The geographic distribution was a significant predictor of the types of preys brought home by cats (Table 1 and Figure 5). Soricids were more often brought home by cats in the northwest of France, up to twice as often as in the southeast. Cricetids were more often brought home in the northern part of France with a clear trend for the northeast, more than twice as many as in the southeast. Murids were preferentially brought home by cats in the north-western part of the country.
Cats tended to catch passerines fairly uniformly in metropolitan France (except in Corsica) and more particularly in south-western and central-eastern France. Lacertids were mostly reported in the south of France, including Corsica, up to three times more than in the north.

3.4. Anthropogenic Impacts on Prey Brought Home by Cats

The Human Footprint Index (HFI) had no influence on the number of soricids caught by cats (Table 1 and Figure 6). Fewer cricetids and murids were brought back home when the HFI was high, while the opposite pattern was observed for passerines and lacertids.
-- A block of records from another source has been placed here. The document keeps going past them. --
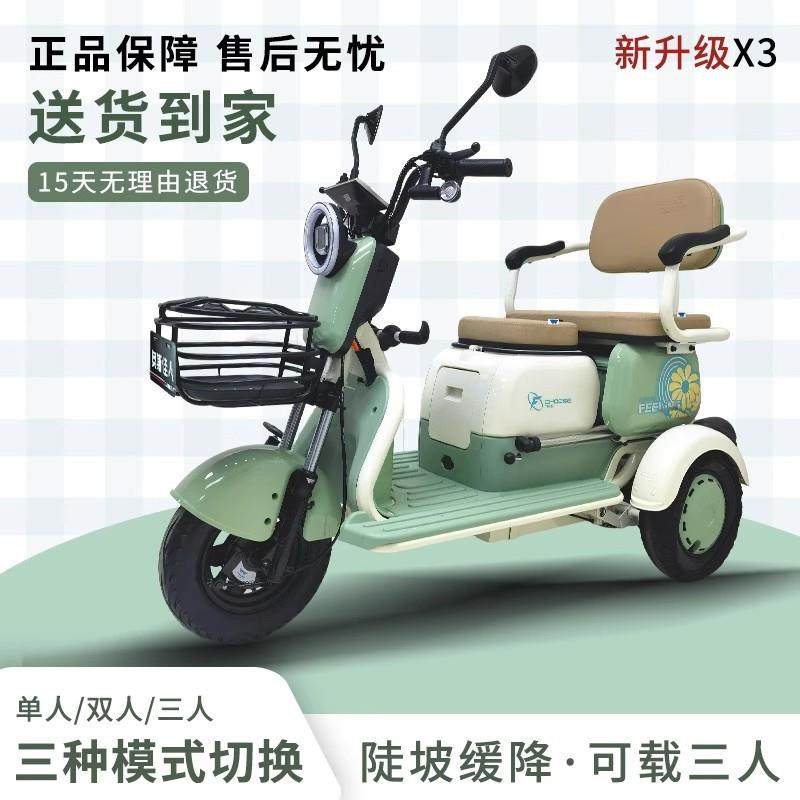 新款电动三轮车家用轻便小型老年人代步车亲子女士接送孩子电瓶车
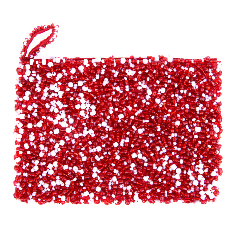 Over Beaded Coin Purse in Red & White.
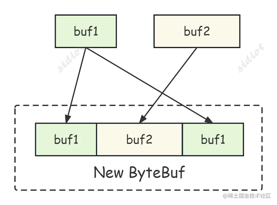 CompositeByteBuf 可以将多个 ByteBuf 合并为一个逻辑上的 ByteBuf。而 addComponents
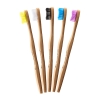 Une brosse à dents fabriquée à partir de bambou biologique, et possédant de petits poils en nylon.

3.5. Individual Factors Influencing Prey Brought Home by Cats

The age and sex of individual cats were significant predictors of the types of prey brought home by cats (Table 1 and Figure 7). Soricids were predominantly reported by owners of young individuals (<2 years old), with the number decreasing rapidly with age. There was a significant difference in the number of cricetids brought home by females with a first peak for young adults (i.e., 2 to 4 years old) and a second, larger peak for adult females (i.e., 8 to 12 years old). The spline for males, whatever their age, was not significant. Females between the ages of 3 and 7 years tended to bring back home more murids, while the number of murids increased progressively until the age of 10 years for males. Passerines were mostly caught by young individuals, their numbers decreasing more gradually for females. A similar pattern was observed for lacertids, with the number of lacertids decreasing linearly for males with age.

4. Discussion

The temporal and spatial coverage of the present study—based on a citizen science program—far outweighs any previous study investigating the hunting behaviour of domestic cats. More precisely, cat owners regularly monitored the prey brought home by their cats for eight years, which allowed us to study the seasonal patterns of cat predation at the national scale. Moreover, the spatial coverage of our study includes almost all habitats representing metropolitan France, allowing us to assess the effects of prey brought home by cats nationwide.
Our results confirm that the prey brought home by cats were mainly small mammal species, followed by birds and reptiles, with a seasonal pattern of cat hunting behaviour depending on the nature of the prey itself. The most important hunting behaviour was from mid-spring to mid-summer, but also from late summer to mid-autumn. Such behaviour was only partially related to environmental factors for specific taxonomic groups of small mammals (shrews and voles). The age and sex of cats also influenced their hunting behaviour depending on the nature of the prey itself, with younger cats bringing home shrews, passerines, and lizards more often.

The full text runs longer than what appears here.